- **YOUR ASSIGNMENT**
Copy the listing exactly, leaving out every picture.

- **SOURCE MATERIAL**
▬▬▬▬▬▬▬▬▬▬

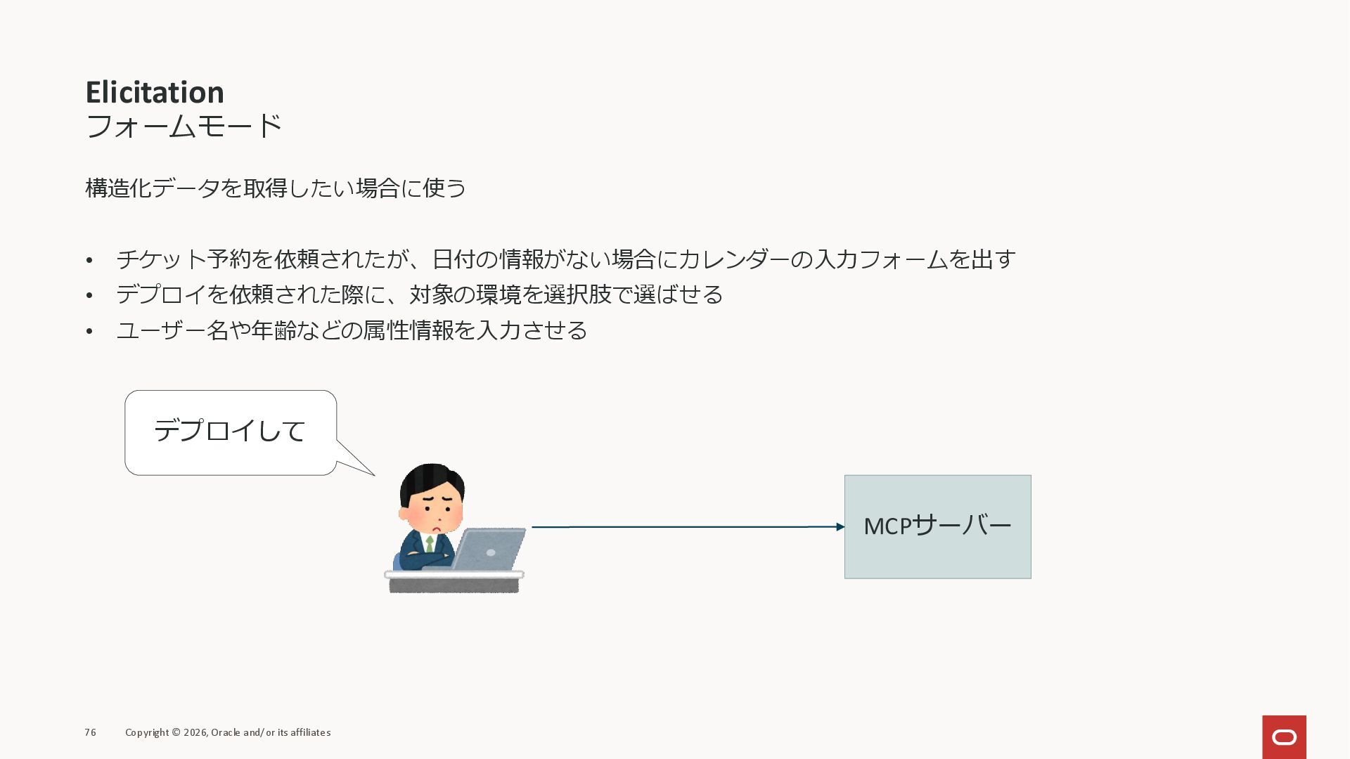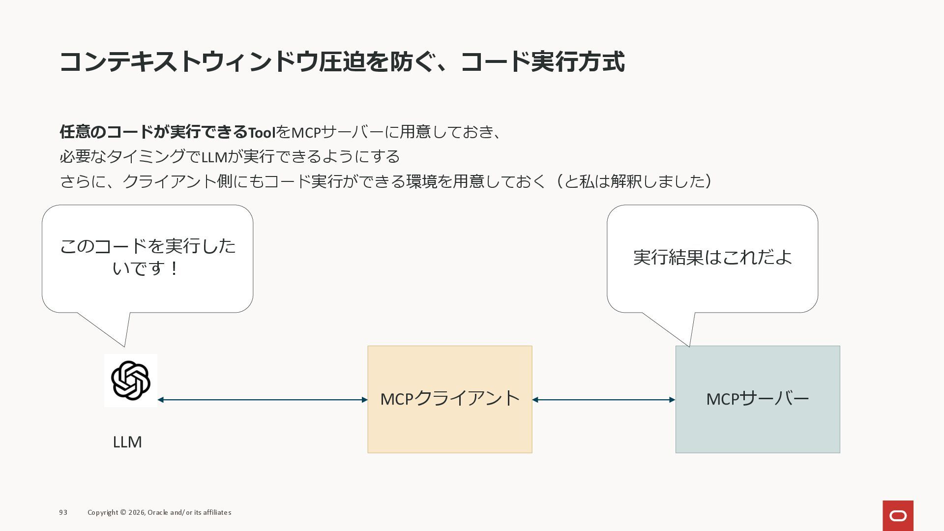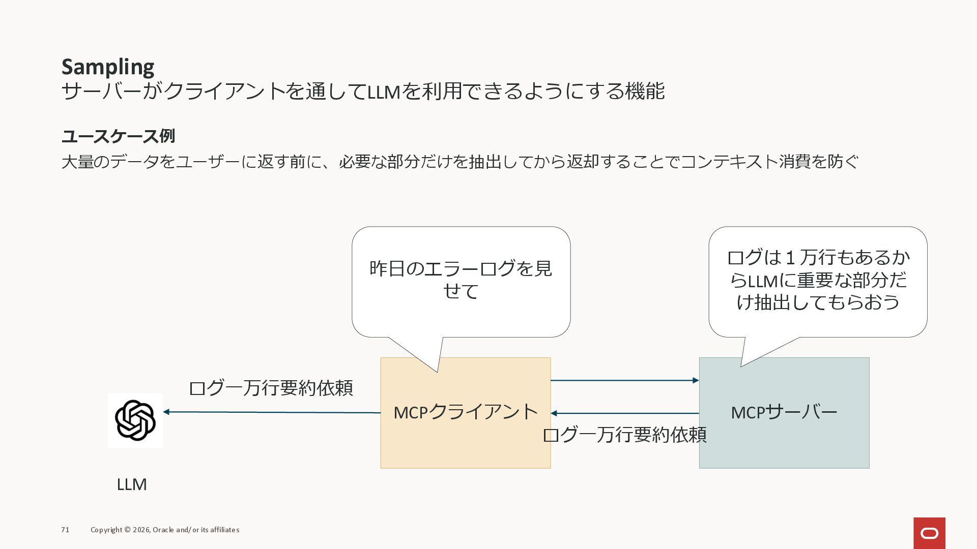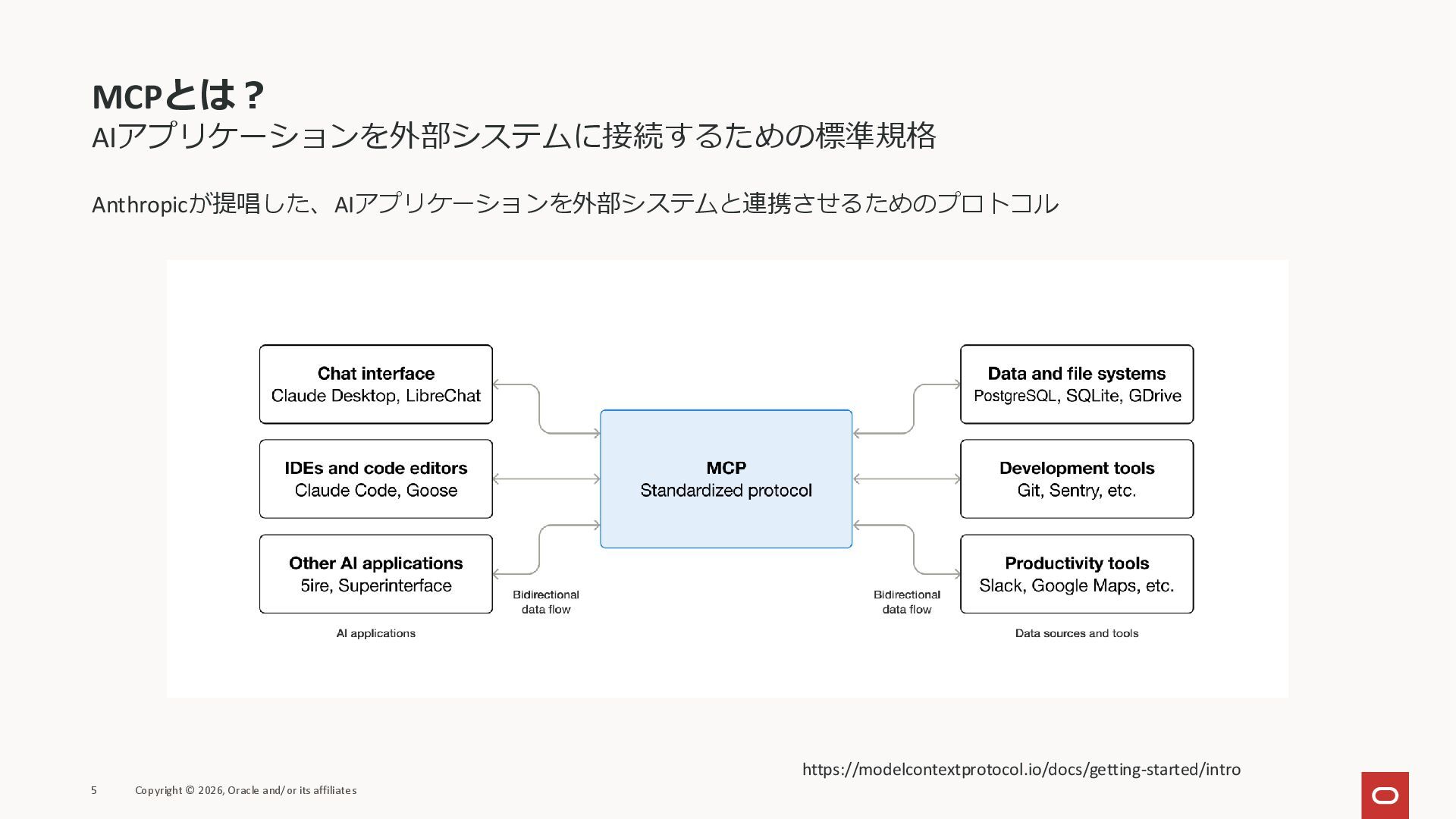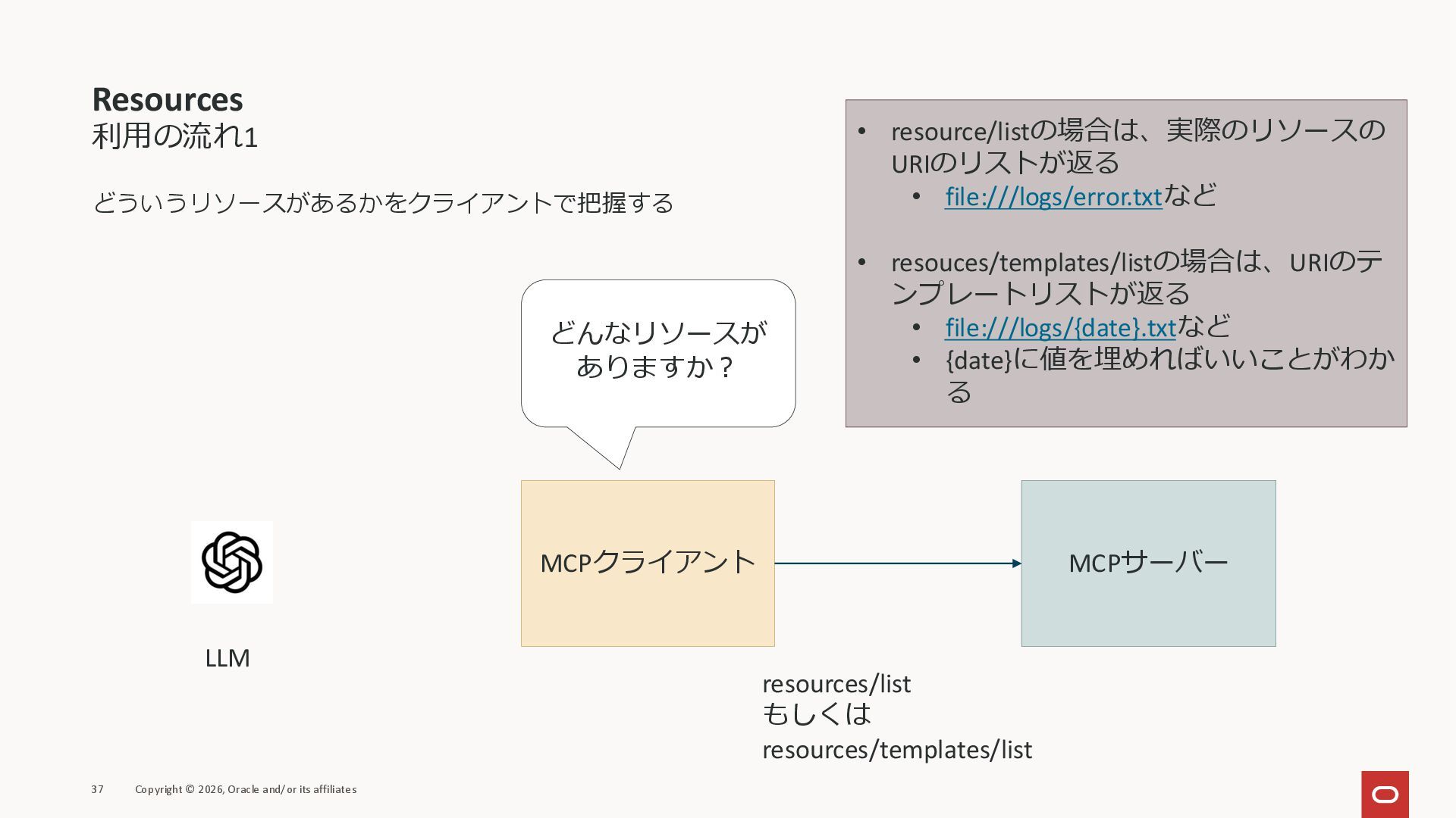 affiliates MCPクライアント MCPサーバー JSON-RPC 2.0 MCPの仕様 (メソッドなど) JSON-RPC 2.0 MCPの仕様 (メソッドなど) *JSON-RPC 2.0では、jsonrpc, id, method, paramsなどのフィールドが定義されているが、その中に何がくるのかまでは定 義されていない MCPは、その中(例えばmethodの中)にどういう名前が入るかなどを定義している *https://www.jsonrpc.org/specification
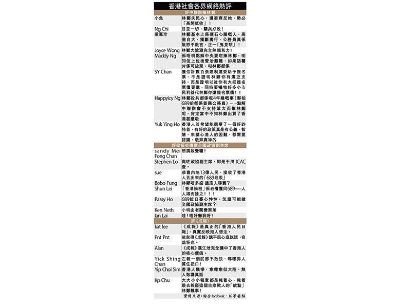 植根英國的林鄭月娥自被張德江相中後,她那靠近張德江權力得勢的嘴臉,與民心愈走愈遠。民意不是靠刻意造勢,筆者最近看過另一位特首參選人曾俊華周日親到馬拉松場地為選手打氣的短片,最深感受是一位又一位參賽的選手,主動走近曾俊華跟他擊掌,拍拍他的肩膊鼓勵,說:「您都要加油!」、「John,我支持您!」、「不要放棄」等等;期間不少人找曾俊華合照,人人掛上笑臉。這些不是用錢、用權可以營造出來,而是用心,用心去感動人,市民產生共鳴,就會無條件的給予支持。試想想:沒聽過有人因為曾俊華的鬍鬚而支持他。所以,那些說不用看政綱就憑信任林鄭的選委,應當反省自己有多麼的膚淺。
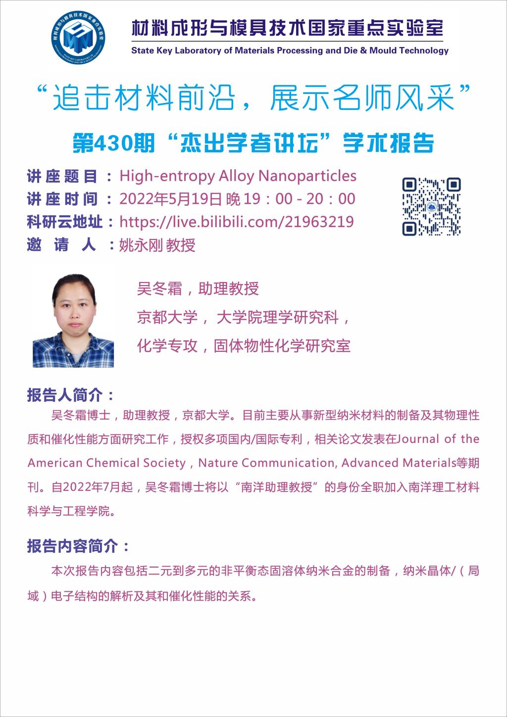 2022年5月19日"杰出学者”讲坛:High-entropy Alloy Nanoparticles

▬▬▬▬▬▬▬▬▬▬

- **SOLUTION FOR THIS TASK**
 affiliates MCPクライアント MCPサーバー JSON-RPC 2.0 MCPの仕様 (メソッドなど) JSON-RPC 2.0 MCPの仕様 (メソッドなど) *JSON-RPC 2.0では、jsonrpc, id, method, paramsなどのフィールドが定義されているが、その中に何がくるのかまでは定 義されていない MCPは、その中(例えばmethodの中)にどういう名前が入るかなどを定義している *https://www.jsonrpc.org/specification
 植根英國的林鄭月娥自被張德江相中後,她那靠近張德江權力得勢的嘴臉,與民心愈走愈遠。民意不是靠刻意造勢,筆者最近看過另一位特首參選人曾俊華周日親到馬拉松場地為選手打氣的短片,最深感受是一位又一位參賽的選手,主動走近曾俊華跟他擊掌,拍拍他的肩膊鼓勵,說:「您都要加油!」、「John,我支持您!」、「不要放棄」等等;期間不少人找曾俊華合照,人人掛上笑臉。這些不是用錢、用權可以營造出來,而是用心,用心去感動人,市民產生共鳴,就會無條件的給予支持。試想想:沒聽過有人因為曾俊華的鬍鬚而支持他。所以,那些說不用看政綱就憑信任林鄭的選委,應當反省自己有多麼的膚淺。
 2022年5月19日"杰出学者”讲坛:High-entropy Alloy Nanoparticles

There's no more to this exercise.